The Republicans lost two U.S. Senate seats, retaining a 52-48 majority, with two incumbents defeated. They lost a net of six U.S. House seats, retaining a 241-194 majority, with a paltry six incumbents, including Dold, defeated. A stunning 215 Republican incumbents were re-elected, or 97.3 percent.
The Democrats did better. No senator was defeated, and only one congressman lost. Of 168 U.S. House incumbents seeking re-election, 167 won, or 99.4 percent.
Any congressional incumbent has distinct advantages. First, constituent service, with a paid staff in the district and in Washington assisting with federal problems. Every office now has staffers who just answer e-mails, within minutes. Voters now expect their congressman to be on the job 24/7. Second, personal campaigning, with the incumbent back in the district every weekend and during the recess. Over the years, it pays off. Those thousands of contacts produce votes. Third, fund raising. An incumbent with a choice committee assignment draws substantial money from lobbyists and special interests; a challenger raises much less. Having hundreds of thousands of dollars discourages competition, and if competition surfaces, those who have already given will give more to protect their "investment."
In the 2016 election cycle, Dold spent $5,618,279, and Schneider spent $4,928,207. Add to that the expenditures of the respective party campaign committees, which bought about $3 million each for television and other media ads, and the Dold-Schneider contest cost around $13 million.
There are mitigating circumstances which doom even the most astute incumbent. First, there are scandals, which means doing something stupid, and "loose lips," which means saying something stupid or offensive on the record. Second, there are demographic changes. The incumbent's base may be eroding because the opposition party's base is expanding. In the 10th District, the black and Hispanic population in the Waukegan-North Chicago area is growing, now numbering 7 percent and 22 percent, respectively. So are the number of liberal Jewish voters in and around Deerfield and Buffalo Grove. Lake County is rapidly trending Democratic, and the longtime county Republican machine is teetering.
Third, a legislative remap, as occurred in Illinois in 2011, can stack the demographics against an incumbent, making the seat unwinnable. Before 2012 the 10th District was split about 50/50 between eastern Lake County and the northern tier of Cook County townships, which include upscale New Trier and Northfield plus Palatine, Maine and Wheeling and part of Niles Township. Mike Madigan's remap sliced out Republican voters around Palatine, Arlington Heights and Wheeling and added minorities. The new district had 309 precincts in Lake County and 110 precincts in Cook County. As expected, Dold lost.
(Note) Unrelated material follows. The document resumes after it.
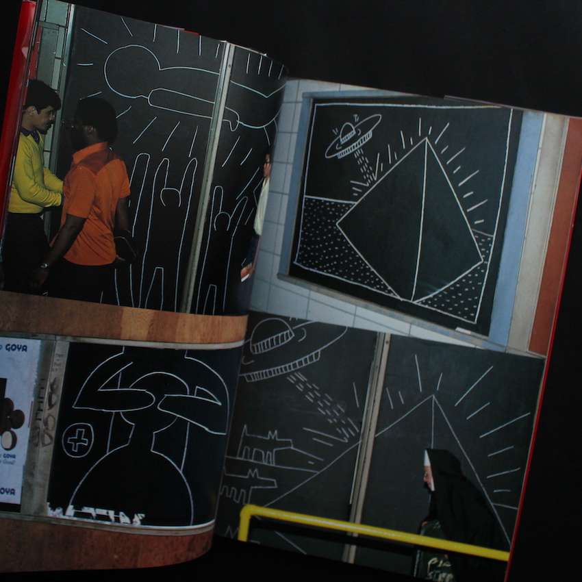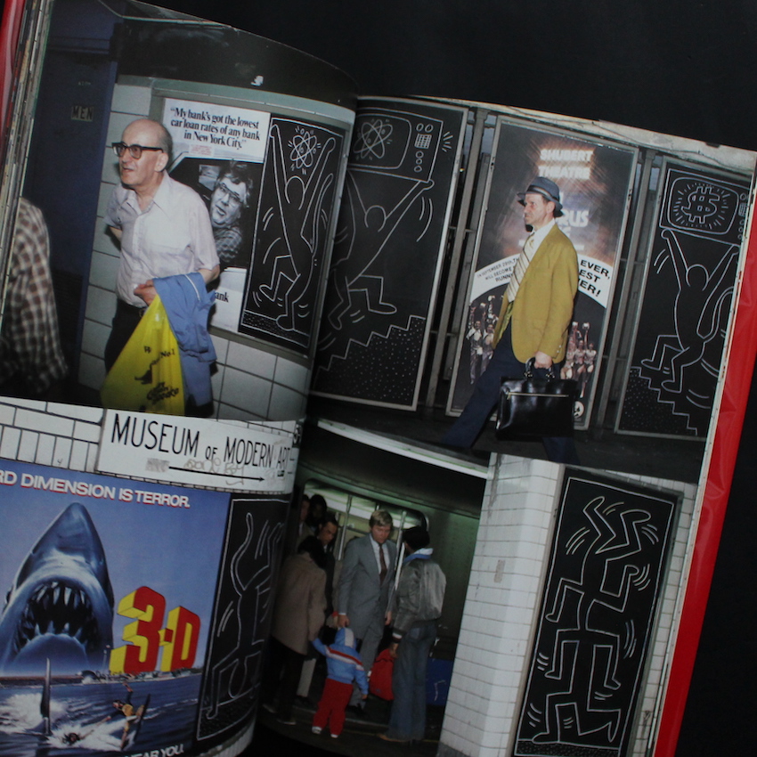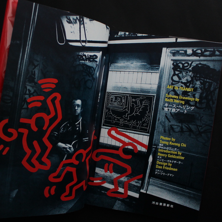 アメリカの画家であるキース・ヘリング(1958-1990)の作品集『地下鉄アート / Art in Transit(OBI)』。80年代のニューヨークのストリート・アートシーンを席巻したものの、バスキアと同じく短命でこの世を去った伝説のアーティスト。エイズによる合併症で31歳と若さで亡くなられているものの、その短い期間で、ニューヨークでの地下鉄の広告掲示板に書かれたイラストは、瞬く間に世間の注目を集め、そのパフォーマンスも含めて「ニュー・ペインティング」と評されました。日本でも、80年代初頭より、BRUTUSでの特集、神宮前・キラー通りで行われた公開ペインティング、コンドマニアとのコラボレーションなど、今なお記憶が蘇るほど、鮮明な印象として私たちの心に宿っています。こちらは、アメリカで刊行された『Art in Transit』の日本語版として刊行された作品集で、ヘリングの作品とパフォーマンスが写真集のごとくまとめられた一冊となっています。帯付。

Fourth, there are a "waves." A 5 to 10 percent off-year voter swing against the president's party, as occurred in 1994, 2006, 2010 and 2014, can be politically fatal to a congressman. Likewise, a landslide for one party's presidential candidate can sweep out an incumbent, as occurred in 2012 when Obama won the 10th District 157,400-112,552, a margin of 44,848 votes. Schneider topped Dold 133,890-130,564, a margin of 3,326 votes. Obama won the district with 63 percent of the vote in 2008 and with 59 percent in 2012, but Clinton swamped Trump with more than 61 percent of the vote. That was too much for Dold to overcome.
In 2004 and 2008, Kirk ran 10 to 12 percent ahead of the Republican presidential candidate and won. Independent voters split for Kerry/Kirk and Obama/Kirk. No longer. The 10th District, like almost all the 434 other districts, has become partisan and polarized, voting for the same party's presidential and congressional candidate. Dold lost with 47.5 percent of the vote in 2016, running about 8 percent ahead of Trump, but the anti-Trump undertow sank him. Trump lost Lake County and lost the 10th District Cook County townships.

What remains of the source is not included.